▸ **SOURCE MATERIAL**
::::::::
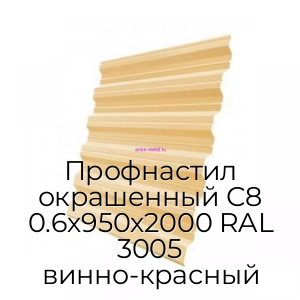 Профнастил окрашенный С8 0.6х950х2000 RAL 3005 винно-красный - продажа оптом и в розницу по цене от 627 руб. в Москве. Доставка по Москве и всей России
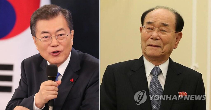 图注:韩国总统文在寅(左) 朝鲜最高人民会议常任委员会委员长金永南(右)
::::::::
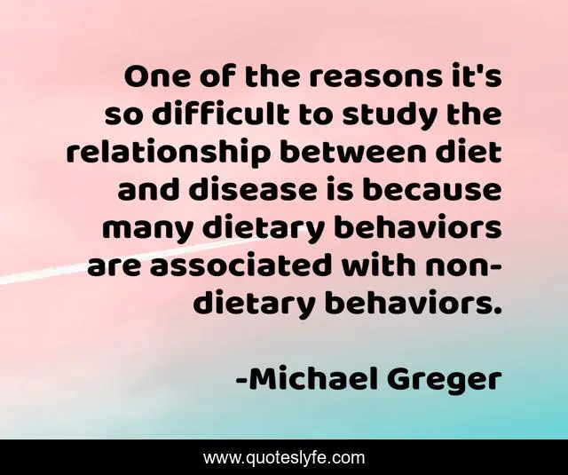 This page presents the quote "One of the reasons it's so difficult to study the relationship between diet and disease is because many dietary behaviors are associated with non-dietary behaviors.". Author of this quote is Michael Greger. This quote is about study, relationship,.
::::::::
▸ **WHAT YOU SHOULD DO**
Although pictures appear among the records above, write out exactly only the lines from the one that has "Профнастил окрашенный С8" through the one that has "图注:韩国总统文在寅(左) 朝鲜最高人民会议常任委员会委员长金永南(右)", and leave the pictures out.

▸ **OUTPUT FOR THIS TASK**
 Профнастил окрашенный С8 0.6х950х2000 RAL 3005 винно-красный - продажа оптом и в розницу по цене от 627 руб. в Москве. Доставка по Москве и всей России
 图注:韩国总统文在寅(左) 朝鲜最高人民会议常任委员会委员长金永南(右)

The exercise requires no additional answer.